El rey se irguió y esperó.
Los individuos de la Comisión se miraron con inquietud.
En este momento se oyó un gran rumor en la antecámara, que guardaban campesinos armados de guadañas. Hubo palabras, luego una lucha, y el señor de Choiseul, sin sombrero y espada en mano, apareció en la puerta.
Por encima de su hombre veíase la fisonomía pálida, pero decidida del señor de Damas.
Había en la mirada de estos dos oficiales tal expresión de amenaza, que los diputados del Ayuntamiento se separaron, dejaron libre el espacio que mediaba entre los recién llegados y la familia real.
He aquí el cuadro que presentaba la habitación en el momento en que aquellos se presentaron.
En el centro había una mesa, y sobre ella una botella de vino empezada, pan y algunos vasos.
El Rey y la Reina oían de pie a los diputados de la municipalidad; cerca de la ventana estaban madame Isabel y madame Royale; sobre la cama, medio desecha, dormía el delfín, muerto de cansancio, y a su lado, sentada y con la cabeza apoyada en sus dos manos, estaba madame de Tourzel; detrás de esta, y de pie, las señoras Brunier y de Neuville; en el fondo, en fin, perdidos en la penumbra y medio recostados en sillas, los dos guardias de corps e Isidoro de Charny, agobiados a la vez de dolor y de fatiga.
Al divisar al señor de Choiseul, la Reina se adelantó hacia él, atravesó la alcoba, y tomándole la mano, dijo:
—¡Ah, sois vos, señor de Choiseul! ¡Bienvenido seáis!
—Por desgracia, señora —dijo el duque—, llego demasiado tarde, según parece.
—No importa, si venís bien acompañado.
—Al contrario, señora, vengo casi solo: el caballero Dandoins ha sido detenido con sus dragones en el Ayuntamiento de Sainte-Menehould; el conde de Damas ha sido abandonado por los suyos…

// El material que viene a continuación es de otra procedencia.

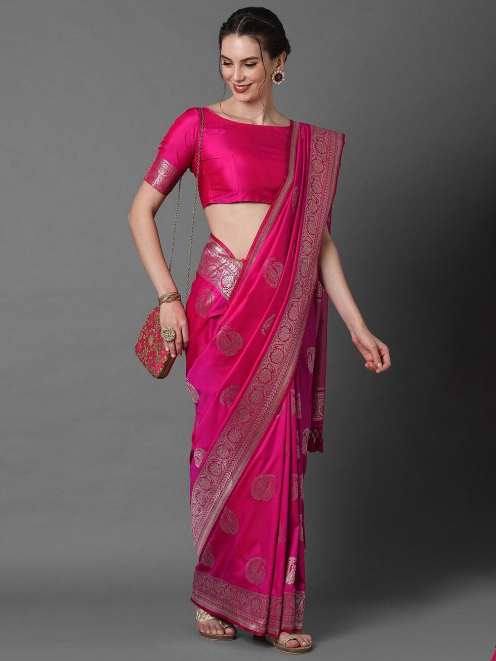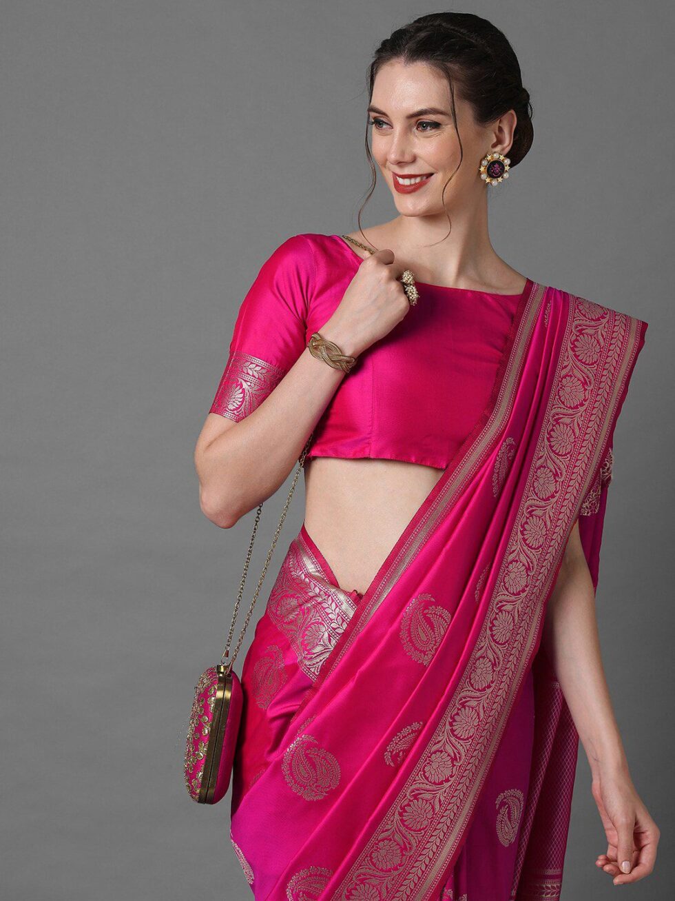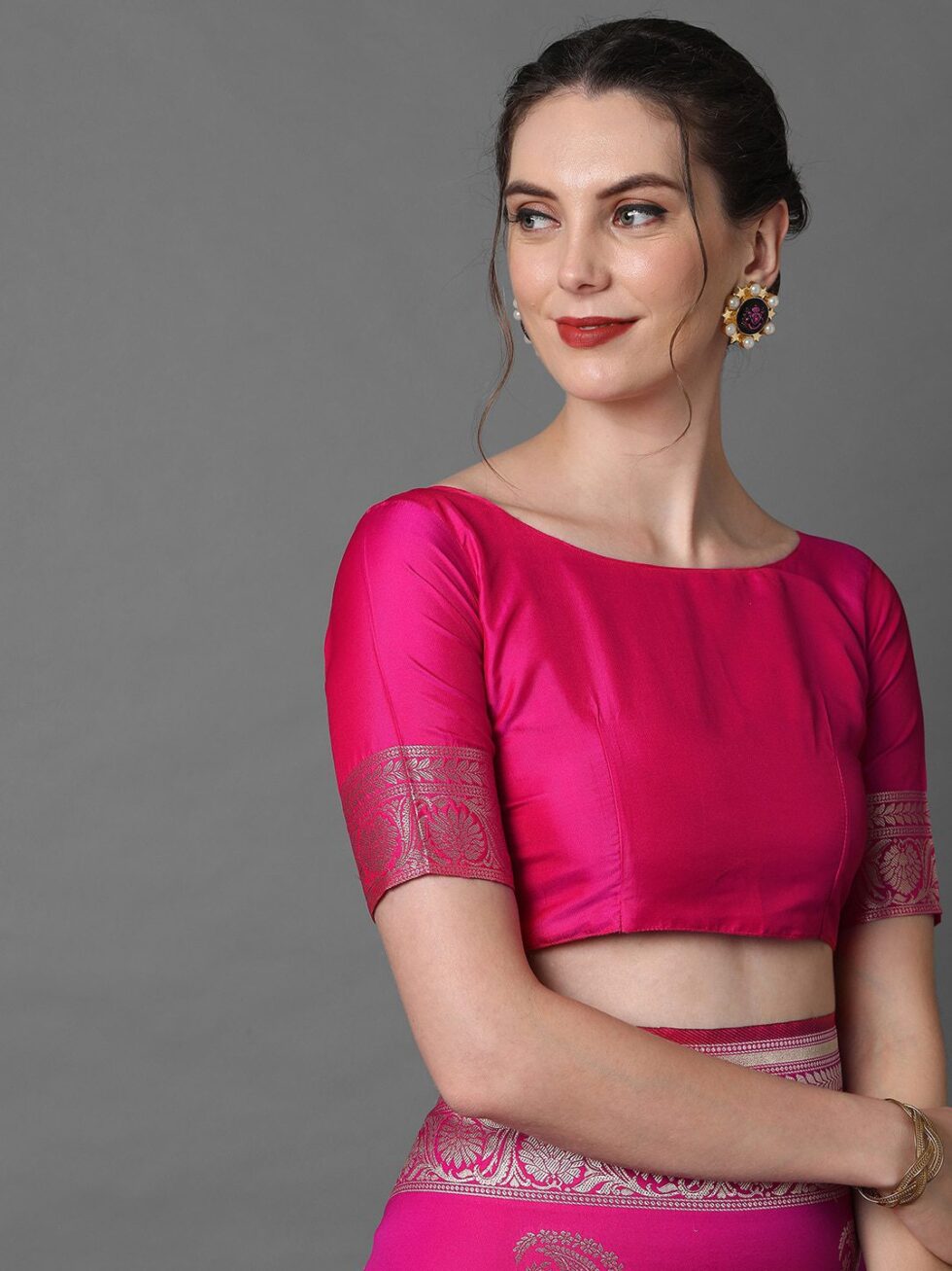 The blouse worn by the model might be for modelling purpose only. Check the image of the blouse piece to understand how the actual blouse piece looks like.
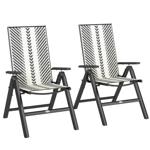 View full detailsOutsunny Outdoor Rattan Folding Chair with 5-Position Adjustable Backrest, Wicker Garden Dining Chair with Wide Armrest, Set of 2 for Patio, Terrace, Balcony, Black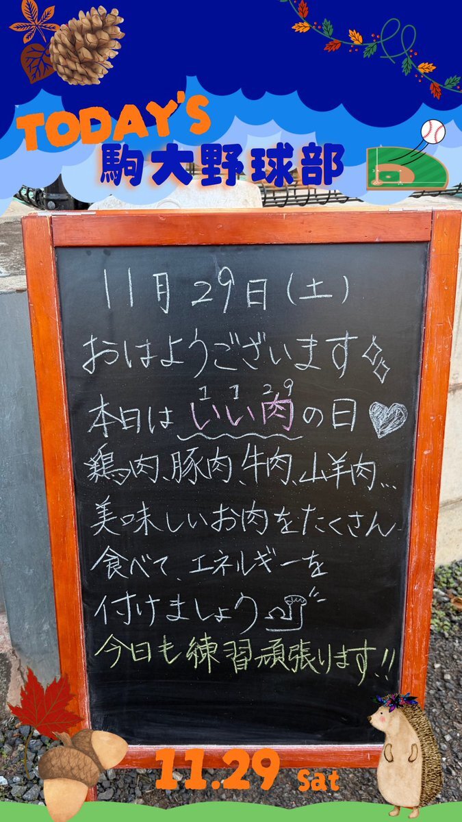 【今日の駒大野球部】 11月29日(土) 天気:☀️ 今日はいい肉の日🍖🐖🐄🐔🐐 美味しいお肉を食べて 今日も1日頑張ります! #駒澤大学硬式野球部 #駒澤大学 #駒大野球部 #東都大学野球 #今日の駒大野球部 pic.x.com/bkEGFAwFlO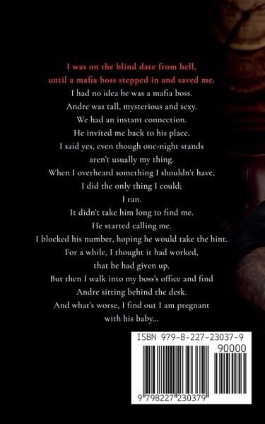 I was on the blind date from hell, until a mafia boss stepped in and saved me. I had no idea he was a mafia boss. Andre was tall, mysterious and sexy. We had an instant connection. He invited me back to his place. I said yes, even though one-night stands aren't usually my thing. When I overheard something I shouldn't have, I did the only thing I could; I ran. It didn't take him long to find me. He started calling me. I blocked his number, hoping he would take the hint. For a while, I thought it had worked, that he had given up. But then I walk into my boss's office and find Andre sitting behind the desk. And what's worse, I find out I am pregnant with his baby...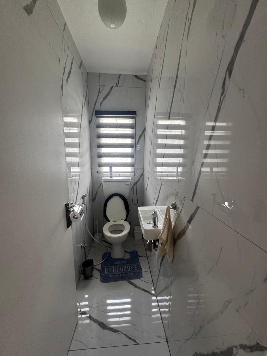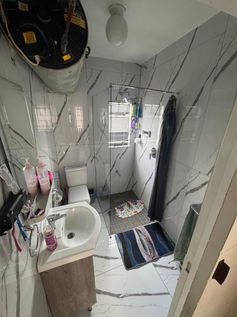 The layout includes a separate toilet and a newly upgraded full bathroom showcasing a modern walk-in shower, contemporary basin, and toilet. The open-plan living area flows effortlessly into a stylish kitchen equipped with a breakfast nook, fitted stove and oven, and space for a top-load washing machine.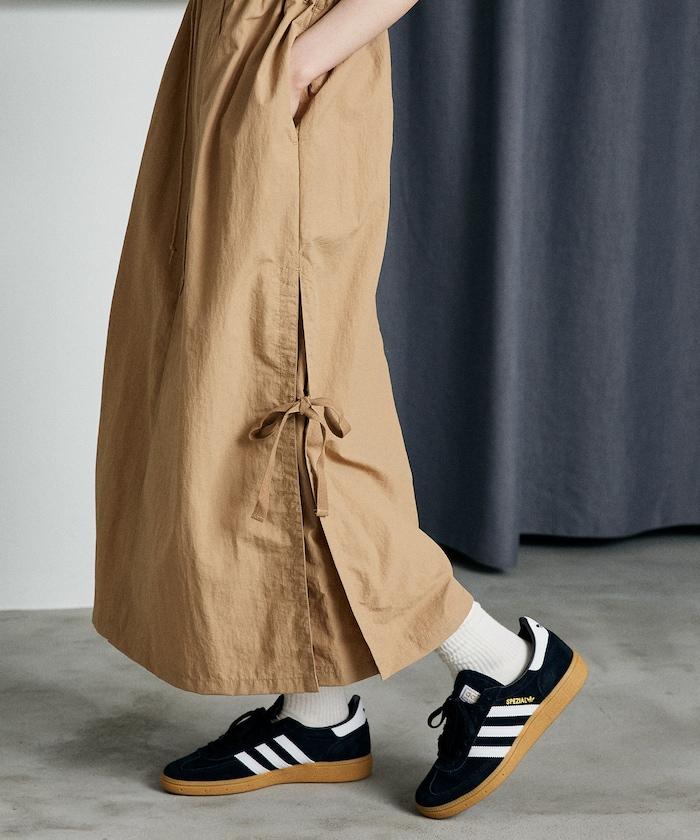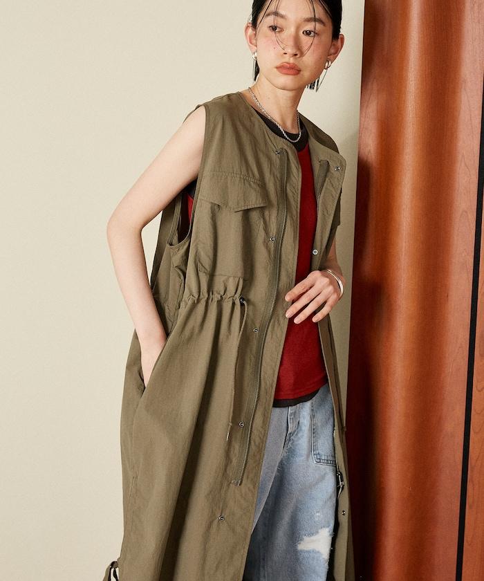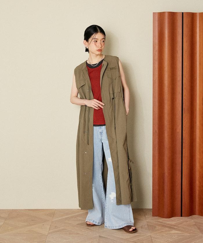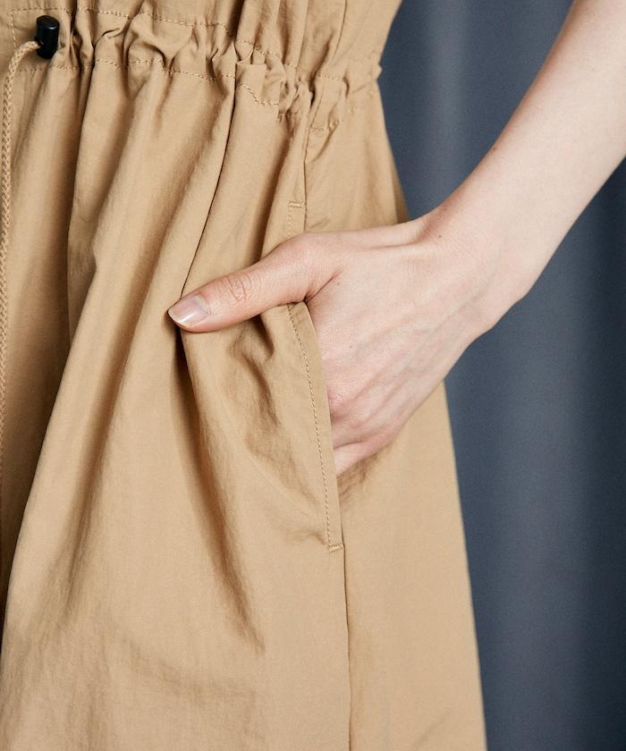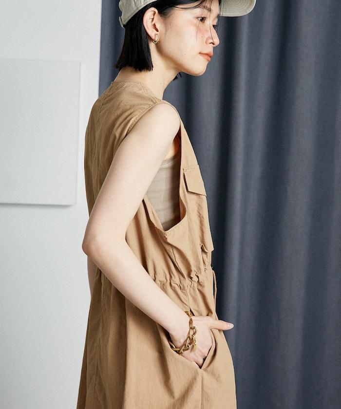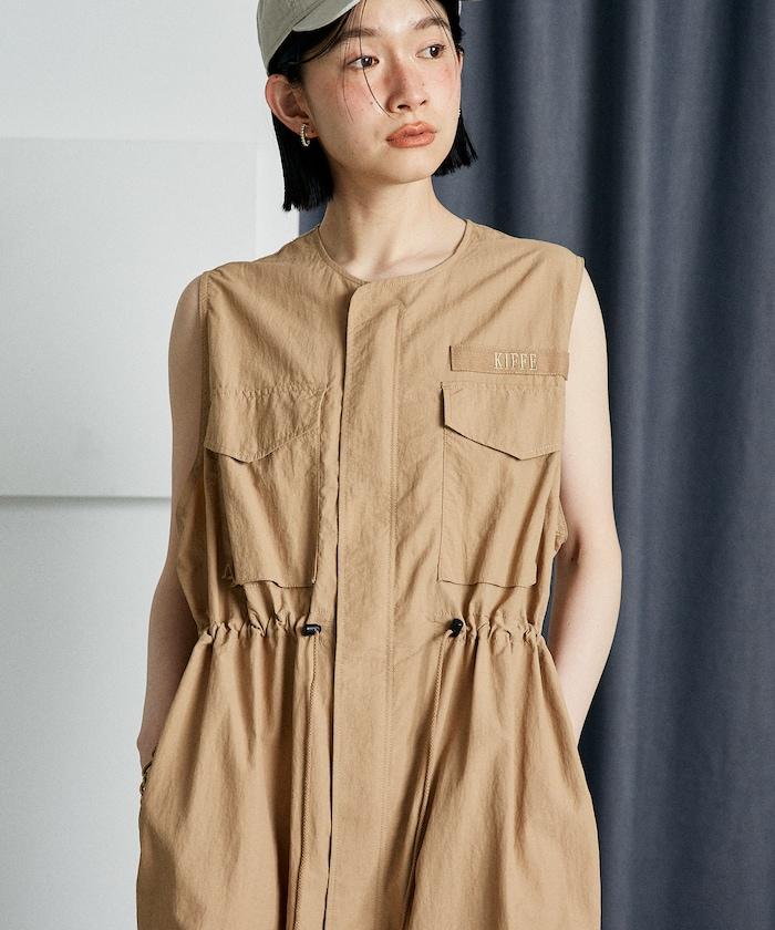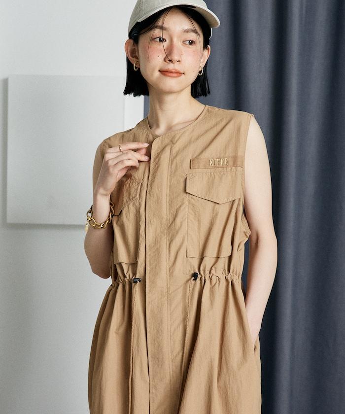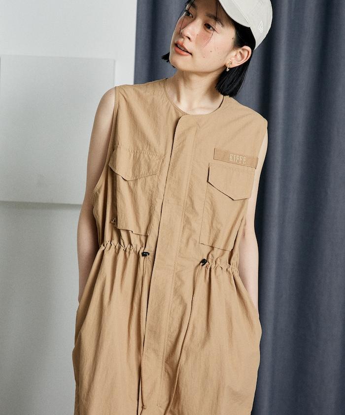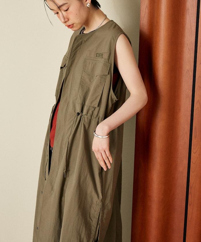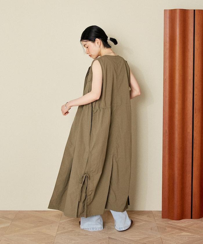 這款連身裙既有時尚感,又融入了翻蓋口袋和側面繫帶等軍裝設計細節。

La Reina movió tristemente la cabeza.
—Pero ¿dónde está —continuó el duque—, el caballero de Bouillé? ¿Dónde está el señor de Raigecourt?
Y en tanto los buscaba mirando en derredor suyo.
El Rey se acercó.
—Ni he visto siquiera a esos caballeros —dijo.
—Señor —contestó el duque—, os doy mi palabra que los creía muertos bajo las ruedas de vuestro carruaje.
—Y ¿qué hacer? —preguntó el Rey.
—¡Salvaros, señor! —contestó el conde de Damas—. Dadnos vuestras órdenes.
—Señor —repuso el duque de Choiseul—, tengo conmigo cuarenta húsares; han andado veinte leguas en el día, pero podrán ir aún hasta Dun.
—Pero nosotros… —añadió el Rey.
—He aquí, señor —prosiguió el duque—, lo único que puede hacerse. De los cuarenta húsares de que dispongo, haré desmontar siete. Vos, señor, montaréis en uno, llevando al delfín en vuestros brazos; Su Majestad la Reina ocupará otro; madame Isabel, madame Royale, las señoras de Tourzel, de Neuville y Brunier, harán lo mismo… Os rodearemos con los treinta y tres húsares restantes, nos abriremos paso a sablazos, y tendremos una probabilidad de salvarnos. Pero, reflexionando bien, señor; es medida que debe ser adoptada inmediatamente si se adopta. En una hora, en medía, antes de un cuarto de hora quizá, pueden ser ganados mis húsares.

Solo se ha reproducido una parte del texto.